Pondering the trajectory of generative AI offers a multitude of possible directions. This article delves into where the field seems to be heading and how we should prepare for these advancements.
Firstly, large generative models like OpenAI’s GPT-4 are expected to continue growing. GPT-4, while not acquiring new knowledge beyond September 2021, has increased its model parameters by an order of magnitude. This implies enhanced memory and generation capabilities. With more parameters, a model’s pattern recognition expands. Early GPT-2 models could only remember a couple of sentences, but GPT-3 began generating coherent paragraphs. GPT-4 is now capable of producing multiple pages of text. As evidenced in developer documentation, GPT-4 can handle 32,000 tokens or approximately 24,000 words. Consequently, publicly accessible generative language models have evolved from producing paragraphs to churning out novellas.
Future models like GPT-5 may manage 64,000 tokens or around 45,000 words, equal to an average business book’s length. However, as models expand, they demand more computational power for creation and usage. Despite this, the public and corporations will likely embrace these models for their convenience.
Imagine enjoying an unfinished story, be it due to an author’s abandonment or a show’s cancellation. With current and upcoming large language models, ordinary individuals could input an incomplete story and receive a logical conclusion. This extends to other large text projects, such as creating books or fine-tuning blog posts.
To capitalize on larger models, plan for their utilization. Contemplate the long-form content you want to tackle and design comprehensive, multi-page prompts to achieve desired results.
However, bigger generative models aren’t always superior. Computationally, multibillion or trillion-parameter models are slow, expensive to operate, and susceptible to oddities due to their vast linguistic scope. This leads to the development of smaller, purpose-built custom models designed for specific tasks. Companies often begin with a small model like Eleuther.ai’s GPT-J-6B and fine-tune it for a singular domain of expertise. While these models lose capabilities in unrelated areas, they excel in their focused function, often outperforming larger, general models.
Examples of custom models include BloombergGPT for financial analysis and GoCharlie’s CHARLIE LLM for content marketing. Forward-thinking companies with data that’s challenging for average users to process are increasingly opting for custom models tailored to their domain. Less ambiguous prompting is required, as the model’s domain knowledge is highly concentrated.
Software companies with moderately complex interfaces should consider integrating large language models to simplify tasks. For instance, Adobe could benefit from an LLM for tools like Photoshop, empowering average users to accomplish tasks through simple verbal commands.

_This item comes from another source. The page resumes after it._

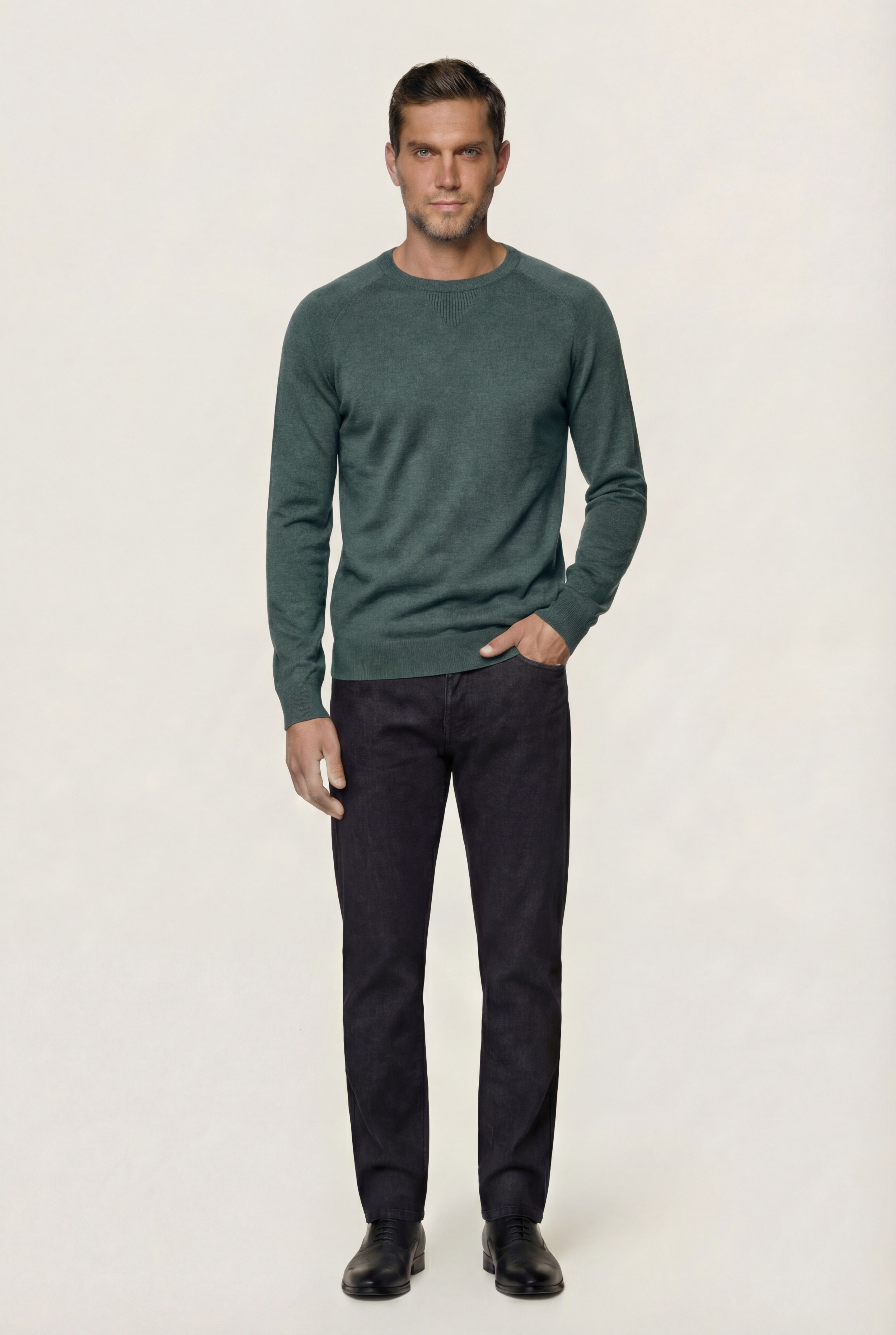 • Приталенный силуэт, Круглый, Однотонный, Зеленый

Generative AI and large language models typically produce mediocre to good results, rarely matching true experts’ skill. Nevertheless, they can be useful when world-class results are not essential. For instance, AI-generated music may suffice for background tunes in a video, though it won’t replace professional musicians.
Custom-built large language models can also be applied to marketing, architecture, or engineering domains, automating specific repetitive tasks and saving valuable time.
The third upcoming trend is multimodal technology, where data transformation between modes is the focus. Tools like Stable Diffusion, Midjourney, and DALL-E already convert word prompts into images. The reverse process, transforming images into words, will also be possible. This capability allows for practical applications, like generating written summaries of photos or data visualizations.
Andrej Karpathy’s quote on Twitter, “The hottest programming language in 2023 is English,” encapsulates the idea of using natural language to program machines effectively.
The essential message here is to begin identifying non-text inputs, such as images, that require repetitive tasks and strategize how to utilize them with large language models.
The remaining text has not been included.